You are viewing a plain text version of this content. The canonical link for it is here.

Posted to java-user@lucene.apache.org by John Paul Sondag <js...@uiuc.edu> on 2007/08/11 19:05:46 UTC

Indexing correctly?

Hi,

I was hoping that maybe you guys could see if I'm somehow indexing
inefficiently.  I'm putting relevant parts of my code below.  I've looked at
the "benchmarks" page on Lucene and my indexing time is taking a substantial
amount of time more than what I see posted.  I'm not sure when I should call
flush() ( I saw that I should be doing that on the ImproveIndexingSpeed
page).  I'd really appreciate any advice.

Here's my code:

      File directory = new File( "/mounts/falcon5/disks/0/tcheng3/Dataset");
      File[] theFiles = directory.listFiles();

          //go through each file inside the directory and index it
          for(int curFile = 0; curFile < theFiles.length; curFile++)
          {
              File fin=theFiles[curFile];

              //open up the file
              FileInputStream inf = new FileInputStream(fin);
              InputStreamReader isr = new InputStreamReader(inf,
"US-ASCII");
              BufferedReader in = new BufferedReader(isr);
              String text="";
              String docid="";

            while (true) {

            //read in the file one line at a time, and act accordingly
                String line = in.readLine();
                if (line == null) { break;}

                 if (line.startsWith("<DOC>") ) {
                    //get docID
                    line = in.readLine();
                    String tempStr = line.substring(8,line.length());
                    int pos = tempStr.indexOf(' ');
                    docid = tempStr.substring(0,pos);
                    }else if (line.startsWith("</DOC>")) {

                    Document doc = new Document();

                      doc.add(new Field("contents",text, Field.Store.NO,
Field.Index.TOKENIZED, Field.TermVector.WITH_POSITIONS ));
                    doc.add(new Field("DocID",docid, Field.Store.YES,
Field.Index.NO));
                      writer.addDocument(doc);
                    text="";
                } else {
                    text = text + "\n" + line;
                }
            }

        }


          int numIndexed = writer.docCount();

          writer.optimize();
          writer.close();


Thanks,

--JP

Re: Indexing correctly?

Posted by Erick Erickson <er...@gmail.com>.

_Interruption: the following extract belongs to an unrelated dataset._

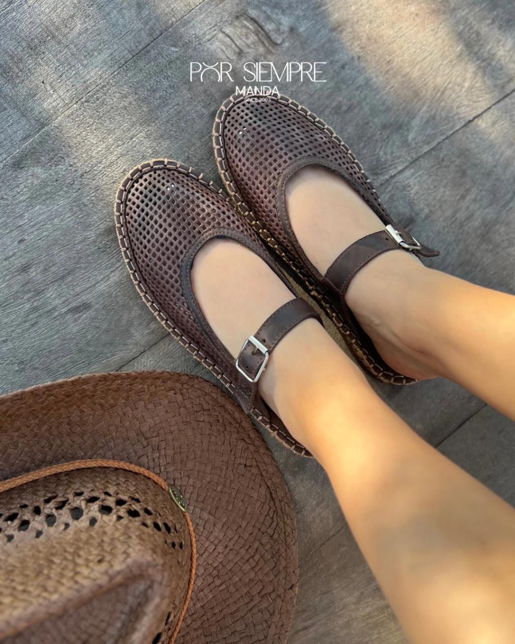 Alpargata tipo zueco WARA chocolate en cuero con delicado efecto calado en su capellada, que le aporta un toque rústico y elegante. Cuenta con pulsera de ajuste para mayor sujeción y una base artesanal de EVA, super liviana, pensada para acompañarte todo el día con comodidad. Ideal para quienes buscan estilo y confort en cada paso.

Where are your source files and index? If they're somewhere
out there on the network, you may be having some slowdown
because of network latency (the part about "/mount/....." leads
me to ask this one).

If this is the case, you might get an improvement if all the files are
local...

Best
Erick

On 8/11/07, John Paul Sondag <js...@uiuc.edu> wrote:
>
> It takes roughly 6 hours for me to index a Gig of data.  The benchmarks
> take
> quite a bit less if I'm reading it correctly.  I'll try out the
> StringBuffer/Builder and let you know.  Thanks for the quick response and
> if
> you have any more suggestions please let me know.
>
> --JP
>
> On 8/11/07, karl wettin <ka...@gmail.com> wrote:
> >
> > How much slower than anticipated is it?
> >
> > I would start by using a StringBuffer/Builder rather than appending
> > (immutable) strings to each other.
> >
> >
> > 11 aug 2007 kl. 19.05 skrev John Paul Sondag:
> >
> > > Hi,
> > >
> > > I was hoping that maybe you guys could see if I'm somehow indexing
> > > inefficiently.  I'm putting relevant parts of my code below.  I've
> > > looked at
> > > the "benchmarks" page on Lucene and my indexing time is taking a
> > > substantial
> > > amount of time more than what I see posted.  I'm not sure when I
> > > should call
> > > flush() ( I saw that I should be doing that on the
> > > ImproveIndexingSpeed
> > > page).  I'd really appreciate any advice.
> > >
> > > Here's my code:
> > >
> > >       File directory = new File( "/mounts/falcon5/disks/0/tcheng3/
> > > Dataset");
> > >       File[] theFiles = directory.listFiles();
> > >
> > >           //go through each file inside the directory and index it
> > >           for(int curFile = 0; curFile < theFiles.length; curFile++)
> > >           {
> > >               File fin=theFiles[curFile];
> > >
> > >               //open up the file
> > >               FileInputStream inf = new FileInputStream(fin);
> > >               InputStreamReader isr = new InputStreamReader(inf,
> > > "US-ASCII");
> > >               BufferedReader in = new BufferedReader(isr);
> > >               String text="";
> > >               String docid="";
> > >
> > >             while (true) {
> > >
> > >             //read in the file one line at a time, and act accordingly
> > >                 String line = in.readLine();
> > >                 if (line == null) { break;}
> > >
> > >                  if (line.startsWith("<DOC>") ) {
> > >                     //get docID
> > >                     line = in.readLine();
> > >                     String tempStr = line.substring(8,line.length());
> > >                     int pos = tempStr.indexOf(' ');
> > >                     docid = tempStr.substring(0,pos);
> > >                     }else if (line.startsWith("</DOC>")) {
> > >
> > >                     Document doc = new Document();
> > >
> > >                       doc.add(new Field("contents",text,
> > > Field.Store.NO,
> > > Field.Index.TOKENIZED, Field.TermVector.WITH_POSITIONS ));
> > >                     doc.add(new Field("DocID",docid, Field.Store.YES,
> > > Field.Index.NO));
> > >                       writer.addDocument(doc);
> > >                     text="";
> > >                 } else {
> > >                     text = text + "\n" + line;
> > >                 }
> > >             }
> > >
> > >         }
> > >
> > >
> > >           int numIndexed = writer.docCount();
> > >
> > >           writer.optimize();
> > >           writer.close();
> > >
> > >
> > > Thanks,
> > >
> > > --JP
> >
> >
> > ---------------------------------------------------------------------
> > To unsubscribe, e-mail: java-user-unsubscribe@lucene.apache.org
> > For additional commands, e-mail: java-user-help@lucene.apache.org
> >
> >
>

Re: Indexing correctly?

Posted by John Paul Sondag <js...@uiuc.edu>.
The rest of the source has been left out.